Problem statement
Only the lines from the one that includes "Women's programming received" through the last line below belong in the reply, copied exactly and without pictures.
-------
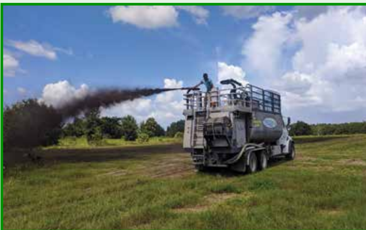
Application through hydroseeder
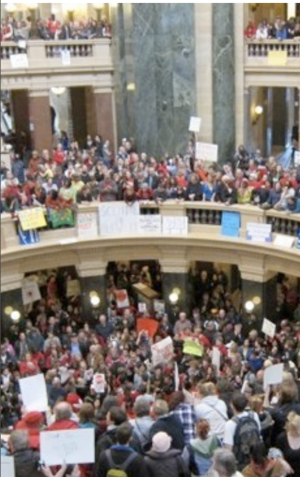
Madison, Wisconsin, February 2011
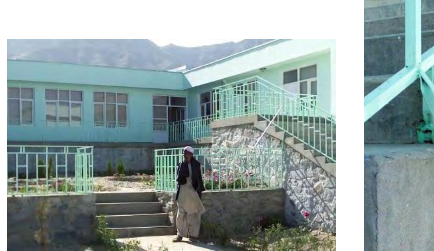
Parwan Provincial Women's Center

Women's programming received about five percent of overall support in this final phase of OTI programming. Grants were mostly for small-scale income generation training. A $3,000 grant to make toys for kindergartens was also approved. The toys were welcomed at the centers, but the publicity surrounding the distribution of the toys far outweighed their economic and social value.<sup>35</sup> The Ministry of Women's Affairs received $11,000 to celebrate International Women's Day 2004, and rehabilitation work began on the women's center in Faryab province. The WRC represented the largest grant targeting women – $60,000. The WRCs left unfinished as of June 30, 2005 were handed over to USAID for completion.
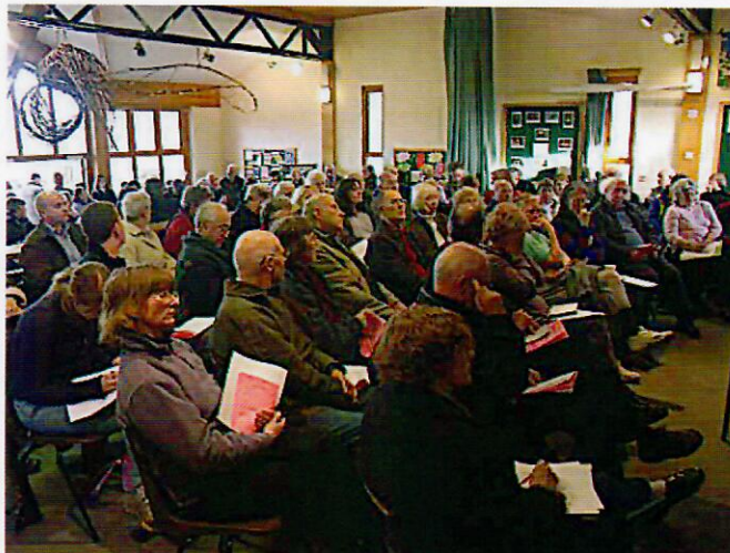
Meeting in the park
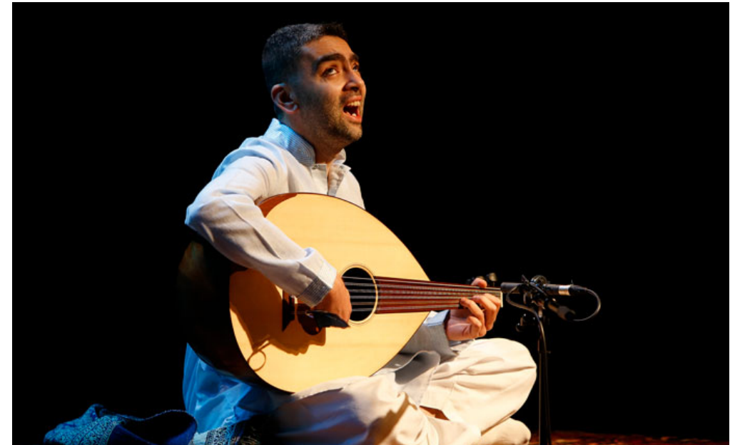
Oud Recital - Labyrinth Catalunya - Cardadeu, Spain, 2019
-------
Response to the task
Women's programming received about five percent of overall support in this final phase of OTI programming. Grants were mostly for small-scale income generation training. A $3,000 grant to make toys for kindergartens was also approved. The toys were welcomed at the centers, but the publicity surrounding the distribution of the toys far outweighed their economic and social value.<sup>35</sup> The Ministry of Women's Affairs received $11,000 to celebrate International Women's Day 2004, and rehabilitation work began on the women's center in Faryab province. The WRC represented the largest grant targeting women – $60,000. The WRCs left unfinished as of June 30, 2005 were handed over to USAID for completion.
Meeting in the park
Oud Recital - Labyrinth Catalunya - Cardadeu, Spain, 2019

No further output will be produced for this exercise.